Pero, además, estas sentencias son relevantes desde la perspectiva de la aplicación temporal de los criterios judiciales. Si atendemos a la sentencia central de las tres comentadas, la recaída en el caso Aviva, vemos que en el apartado 34 de la misma el TJUE reconoce una situación de hecho. La Sentencia del propio tribunal de 20 de noviembre de 2003 (en el asunto C-8/01; Taksatorringen), pareció admitir la aplicación de la exención prevista entonces en el artículo 13.A.1.f) de la llamada Sexta Directiva más allá de las actividades de interés general y, concretamente, en favor de una asociación de compañías se seguros.

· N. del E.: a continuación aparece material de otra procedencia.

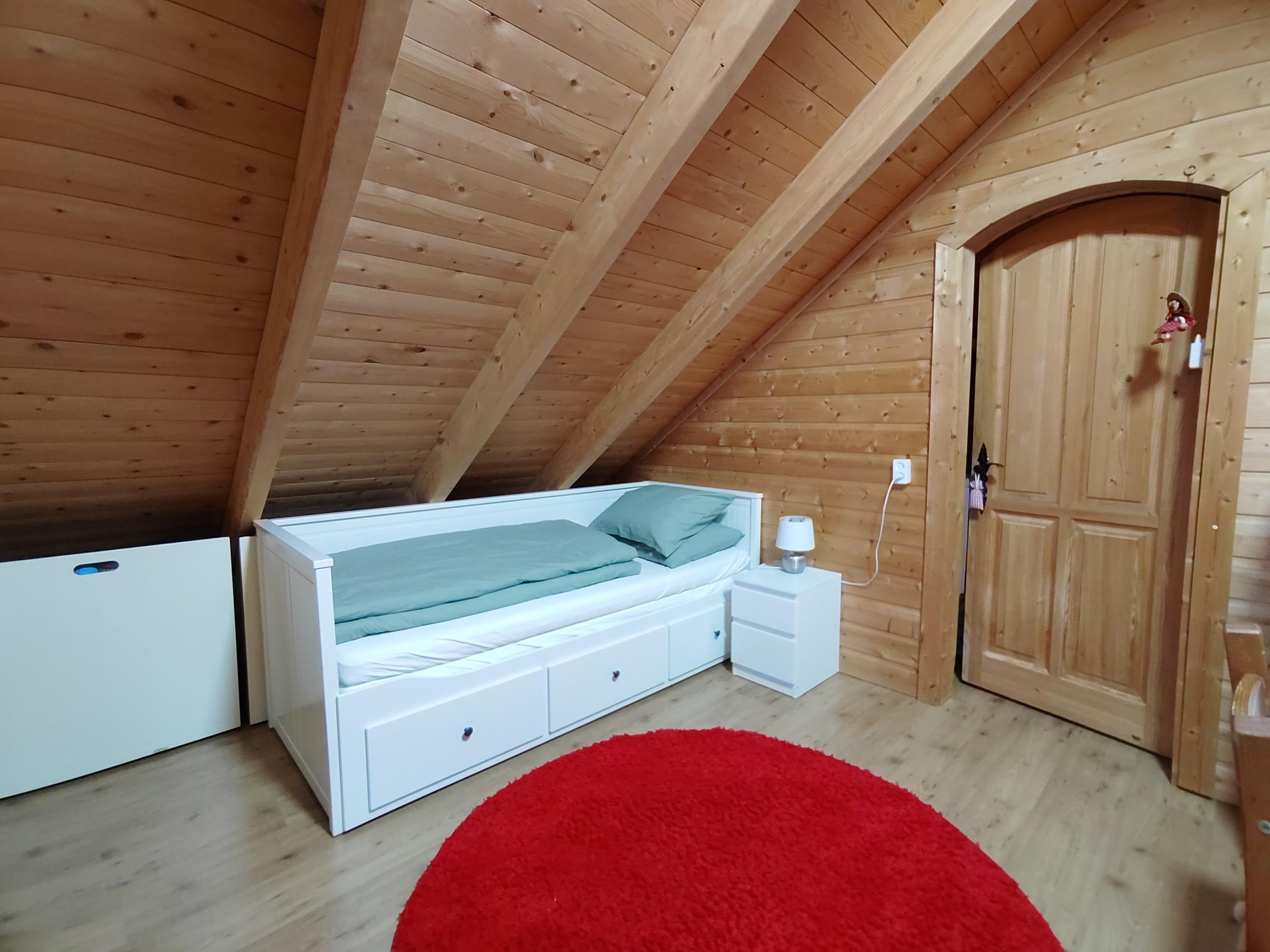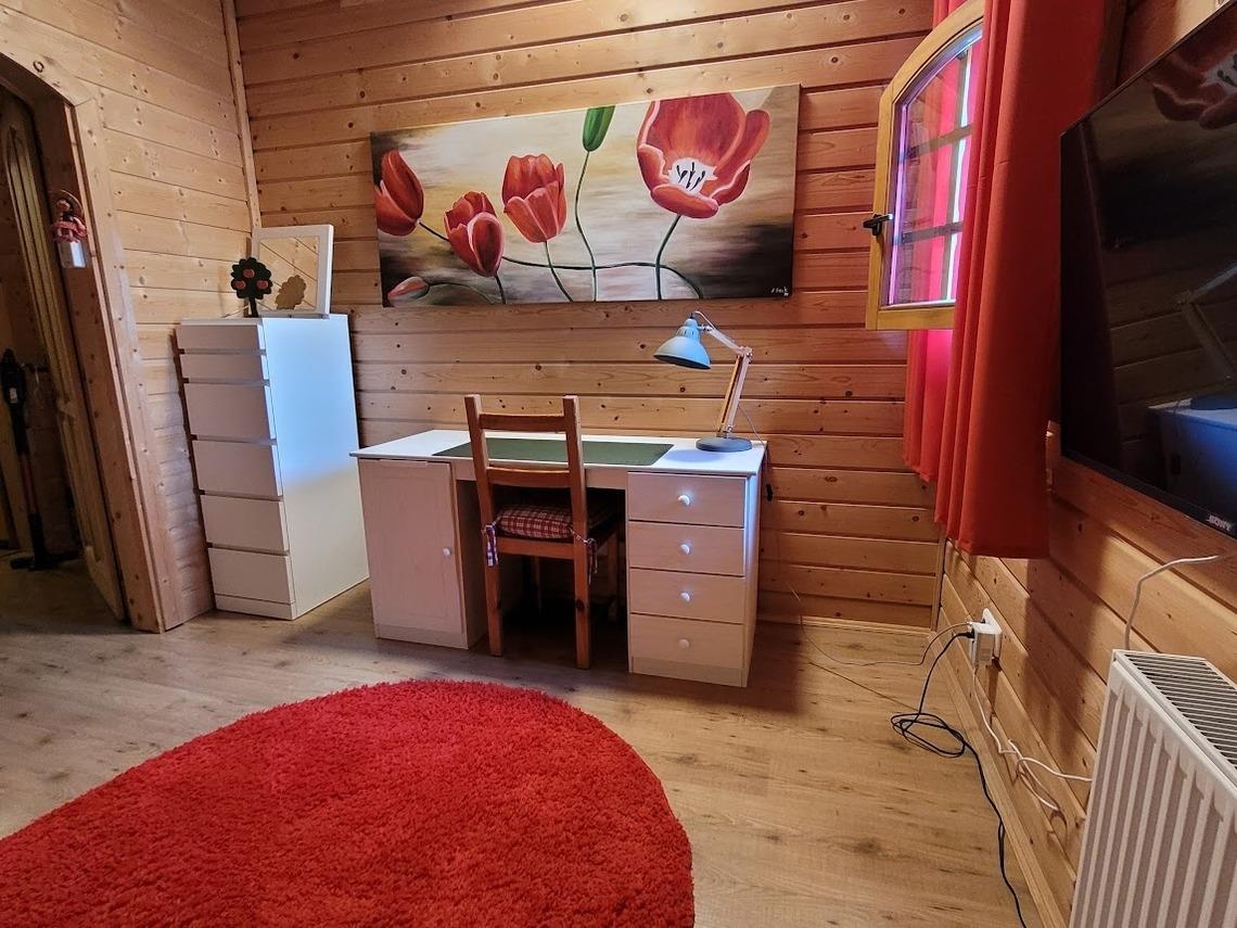 1x kleines Doppelbett in 140x200m, 1 Kommode und Stauraum in den Bettschubladen.

Por ello, el TJUE admite que muchos Estados han ampliado la exención a tales agrupaciones de personas cuyos miembros no desarrollan actividades exentas de interés general.

En este punto, el TJUE desborda el caso concreto y en los apartados 35 a 38 de la Sentencia Aviva consolida una doctrina sobre la aplicación en el tiempo de los criterios judiciales en relación con el respeto al principio de seguridad jurídica. Para el TJUE, "[l]as autoridades nacionales no pueden reabrir períodos tributarios definitivamente clausurados sobre la base" de esta nueva interpretación del artículo 132 de la Directiva 2006/112. En cuanto a "[l]os períodos tributarios que no se han clausurado definitivamente", la sentencia recuerda que una directiva "[n]o puede, por sí sola, crear obligaciones a cargo de un particular y que una disposición de una directiva no puede, por consiguiente, en su calidad de tal, ser invocada contra dicha persona". Finalmente, "[l]a obligación del juez nacional de utilizar como referencia el contenido de una directiva cuando interpreta y aplica las normas pertinentes de su Derecho nacional tiene sus límites en los principios generales del Derecho, en particular los de seguridad jurídica e irretroactividad, y no puede servir de base para una interpretación contra legem del Derecho nacional". En suma, la sentencia no puede servir de base para revisar periodos de declaración ya terminados ni tampoco para exigir una conducta distinta de los contribuyentes sin que medie un cambio del Derecho nacional.